2022 "Most volatile year on record" for fuel prices, competition watchdog finds

Fuel prices faced their "most volatile year" in 2022, according to a review published by the Competition and Markets Authority.

petrol station

A review by a competition watchdog has found that 2022 has been particularly complicated with regards to fuel prices. 

The Competition and Markets Authority (CMA) has found that 2022 has been the “Most volatile year for fuel prices on record,” according to its review.

A study into fuel prices was launched by the CMA in July, and its first findings and analysis have now been published. The study took financial data from fuel retailers, wholesalers and refiners, and also looked at the past five years in comparison to the ‘urgent review’ commissioned by the government in the summer to look at whether the fuel duty cut announced in March was being passed onto retail consumers.

The CMA found that fuel prices rose by 50p per litre from January to July. In the time since July, petrol has fallen by 31p, while diesel is 14p cheaper now than in July. “This is largely due to Western Europe’s reliance on imports of diesel, but not petrol, from Russia,” the CMA says. 

Refiners’ margins have risen, the CMA found, but also that this is not down to a lack of competition, and “UK refiners have not earned profits at levels that would give us cause for concern,” it said. 

Several areas require further investigation. These include:

  • Price variations between local areas, where the CMA found that prices are likely to be higher in places where there are few or no competitors nearby, or where there is no supermarket petrol station.
  • Increase on annual fuel margins (the price paid by the retailer for fuel versus the price they sell the fuel for) for retailers, the causes for which are “not yet clear,” according to the CMA. Fuel margins for retailers had increased by 2-3p per litre from 2017-2021 on diesel, and by 3-4p per litre on petrol in the same period, the CMA found. “This could be accounted for by other cost rises for retailers or weaker competition on fuel,” it said. 
  • ‘Rocket and feather’ pricing - which is the practice of rapidly increasing retail prices when wholesale costs rise but only slowly reducing the retail price when the wholesale costs lower - had not been evident before 2022, but was evident in 2022, especially in diesel prices. “This could be driven by the extreme volatility of prices and supply in 2022,” the CMA said.

CMA Interim Chief Executive, Sarah Cardell said:

“It has been a terrible year for drivers, with filling up a vehicle now a moment of dread for many.

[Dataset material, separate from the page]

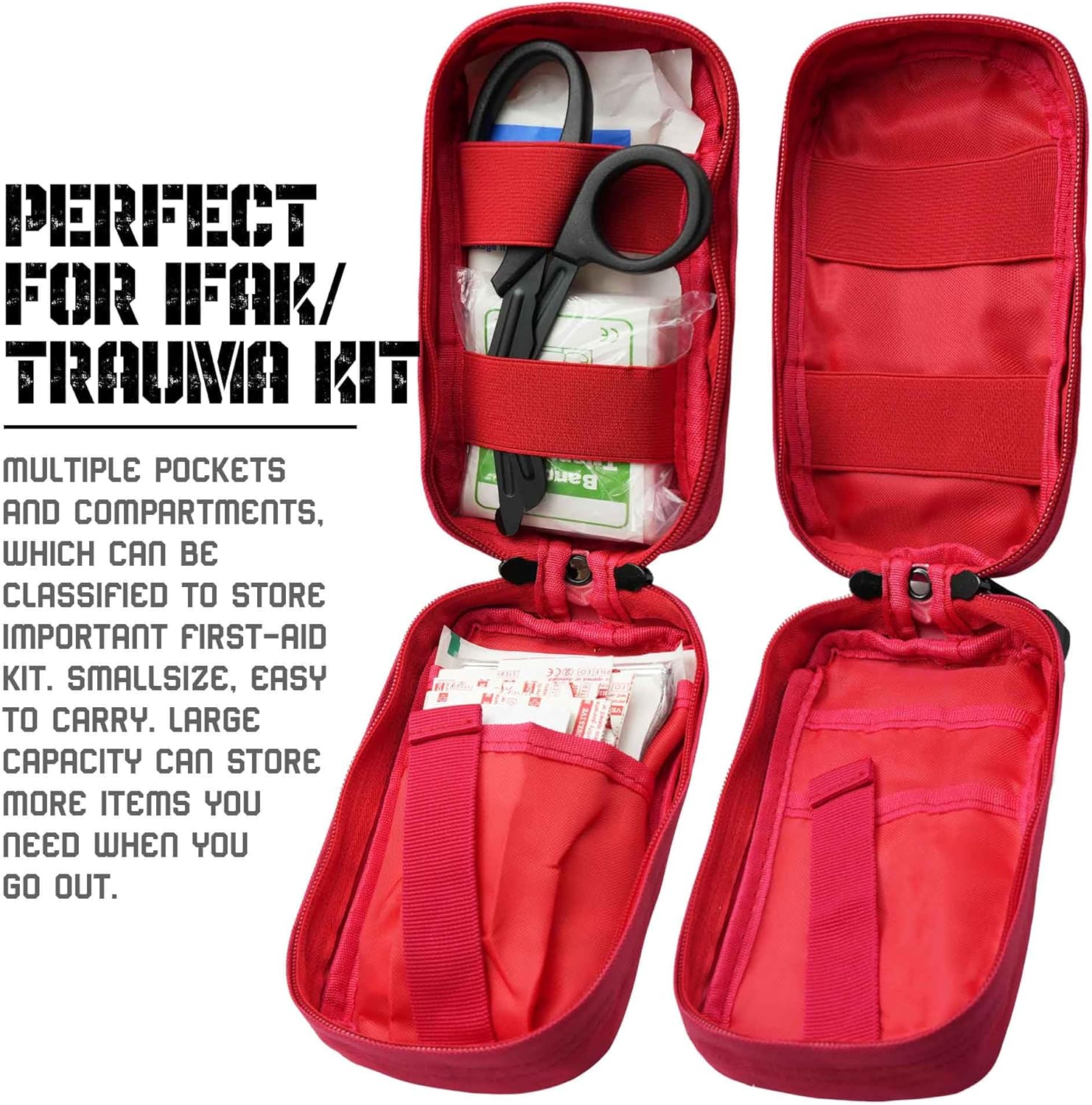 Small Size But Large Capacity: Our molle ifak pouch size: 7.5*6*2.4 inch; multiple pockets and compartments; which can be classified to store important first-aid kit. Small size; easy to carry. Large capacity can store more items you need when you go out. Our EMT molle pouches is a good assistant for your camping; mountain climbing and traveling

The disruption of imports from Russia means that diesel drivers, in particular, are paying a substantial premium because of the invasion of Ukraine. A weaker pound is contributing to higher prices across the board too.

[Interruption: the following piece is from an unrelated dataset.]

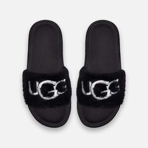 UGG Logo Black Laton Fur Slide
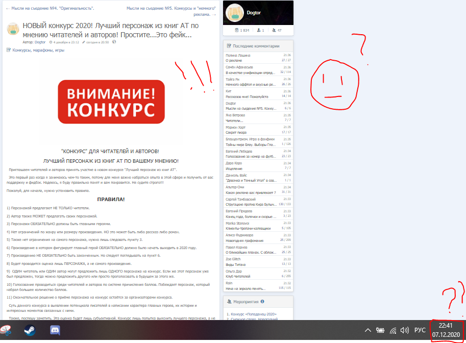 Вот ссылка на пост: https://author.today/post/126696 Если кто хочет проверить, его удалять я не стану даже если на меня натравят Сатану... (он так-то мой близкий друг, в одном котле выросли...эх...было время... Вот фото кто не верит, точно не фотошоп, я не умею)

“There are no easy answers to this. The question for the CMA is whether a lack of effective competition within the UK is making things worse. Although it is only a small proportion of the overall price, the increase in margins for many fuel retailers over the last few years is something we need to investigate further. The key thing we need to establish next is whether this development is down to competition problems or not.”